One of the most effective ways a family can protect themselves from malaria-carrying mosquitoes is to sleep under a net.

Mosquito nets are made with insecticide, a type of chemical that is deadly for mosquitoes while safe for people, thus protecting sleepers by: 1) preventing physical contact with mosquitoes, 2) repelling mosquitoes, and 3) killing mosquitoes that land on the net.

Each year the U.S. President’s Malaria Initiative donates and distributes millions of these lifesaving nets to families in sub-Saharan Africa and the Greater Mekong Subregion in Asia. A critical partner in this work is the Global Fund to Fight AIDS, Tuberculosis and Malaria.

In fiscal year 2021, PMI collaborated with the Global Fund and others to support net campaigns in 15 countries to deliver 109 million nets.

In many countries, PMI supports the continuous distribution of insecticide-treated nets through prenatal visits for mothers and vaccination visits for children while the Global Fund supports mass distribution campaigns.

In some countries, such as Nigeria and the Democratic Republic of Congo, both organizations support net distribution in different parts of the country. Therefore, it is important for partners to share data on mosquito behaviors and how nets are holding up to ensure coordination and harmonization on net types and the timing of distributions, especially in countries that are tailoring the types of nets they are distributing at a sub-national level.

Technicians in Nigeria preparing to test the effectiveness of a dual-AI net. Photo by PMI VectorLink.

New challenges require new solutions

One of the greatest threats to malaria control efforts is the emergence of insecticide resistance in mosquitoes, which has been detected in all 27 PMI partner countries.

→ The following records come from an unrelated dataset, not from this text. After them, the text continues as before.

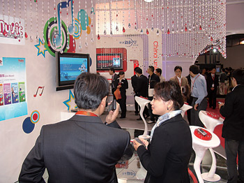 在通信展上,中國(guó)移動(dòng)在展場(chǎng)核心區(qū)展示了面向2008年奧運(yùn)會(huì)的奧運(yùn)無(wú)線業(yè)務(wù)和全曲下載“音樂(lè)隨身聽(tīng)”,中國(guó)聯(lián)通則重點(diǎn)展示了其最具特色的整首音樂(lè)下載業(yè)務(wù),吸引了大批觀眾。許多觀眾還在中國(guó)移動(dòng)和中國(guó)聯(lián)通無(wú)線音樂(lè)展臺(tái)前,現(xiàn)場(chǎng)聆聽(tīng)各種動(dòng)聽(tīng)的歌曲,體驗(yàn)無(wú)線音樂(lè)的魅力?梢哉f(shuō),手機(jī)音樂(lè)成為手機(jī)娛樂(lè)業(yè)務(wù)中最受人們關(guān)注的亮點(diǎn)。
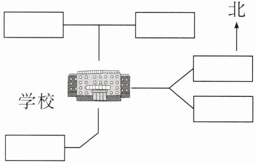 )2. 先向东走,再向东北走,最后向北走到学校。 (
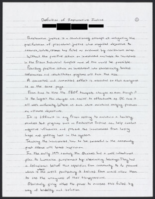 Definition of Restorative Justice Restorative justice is a revolutionary attempt at mitigating the proliferation of procedural justice whos misguided objective to convict, isolate, release has failed as evidenced by recidivism rates. Without the positive return...
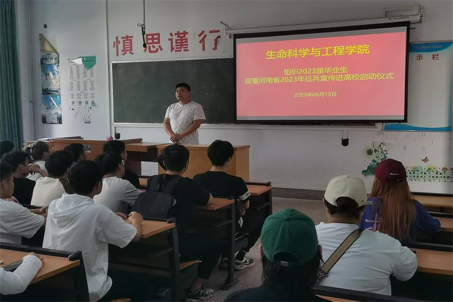(通讯员龚乐乐)为深入贯彻习近平强军思想,进一步做好老员工征兵工作。6月13日上午,E8官网登录入口组织2023届毕业生、全体辅导员在6#B207集中观看了“河南省2023年征兵宣传进高校活动启动仪式”。

Dual Active Ingredient (dual-AI) mixtures, or one insecticide plus another chemical. A recent study from Tanzania found that these new nets reduced malaria cases in children under 5 by almost half. One type of dual-AI net uses two insecticides so that in the event that the mosquito survives contact with the first insecticide it is likely to be killed by contact with the second. Another kind of dual-AI nets’ second ingredient reduces the mosquito population by inhibiting the surviving mosquitoes’ ability to lay eggs, larva to transform into pupa, and pupa into adult mosquitoes.

To finance work around dual-AI nets, PMI is a supporting partner of the Innovative Vector Control Consortium’s (IVCC) New Nets Project (NNP), which is co-funded by the Global Fund and UNITAID. IVCC is a not-for-profit, product development partnership designed to facilitate the development and delivery of new and improved tools to prevent malaria and other diseases.

Dual-AI nets don’t yet have a World Health Organization (WHO) policy recommendation saying that countries with resistance to pyrethroid insecticides should consider them over standard nets. This means some countries are waiting for that official recommendation before buying those nets. Therefore NNP is generating the necessary data to support an eagerly anticipated WHO policy recommendation for dual-AI nets to control disease-carrying mosquitoes while expanding the market for these state-of-the-art tools.

NNP’s progress has created a favorable foundation for the Global Fund’s $50 million Net Transition Initiative, which will support targeted deployment of dual-AI nets where potential impact is greatest; generate evidence to inform prioritization decision-making between effective vector control tools; and prime for scale-up when the WHO policy recommendation on dual-AI nets does come.

Healthcare workers in Cameroon learn how to teach families how to hang PMI-donated nets. Photo by PMI Impact Malaria.

Reducing prices and expanding the market

With support from PMI and the Global Fund, NNP also assesses the cost-effectiveness of the nets across countries representing different epidemiological, insecticide resistance and entomological profiles. These pilots help us to understand the extra benefit these nets can bring in different settings, thus allowing countries to make informed decisions about how best to spend their malaria control budgets.

The pilots started in 2019 with Burkina Faso and Rwanda and new countries were added the following year. To date, more than 36.6 million dual-AI nets have been ordered or delivered with support from NNP across 21 countries, most of them PMI partners in sub-Saharan Africa.

The large number of nets purchased by PMI and the Global Fund for the pilots provided such a strong signal to suppliers of the near-term immediate volume demands that, when coupled with complementary negotiations by MedAccess and the Bill and Melinda Gates Foundation, resulted in earlier than expected unit price reductions of $2 per net less than the original price set by their manufacturers.

The lower price is needed to make the dual-AI nets a sustainable choice for countries looking for the best value for money in controlling malaria. Affordable pricing has not only expanded access to dual-AI nets in partner NNP countries but it has enabled four more countries not participating in the pilot to be able to purchase them as well.

Working closely with the Global Fund, PMI will continue to expand access to affordable, dual-AI nets so that countries are better able to effectively combat mosquitoes that spread malaria.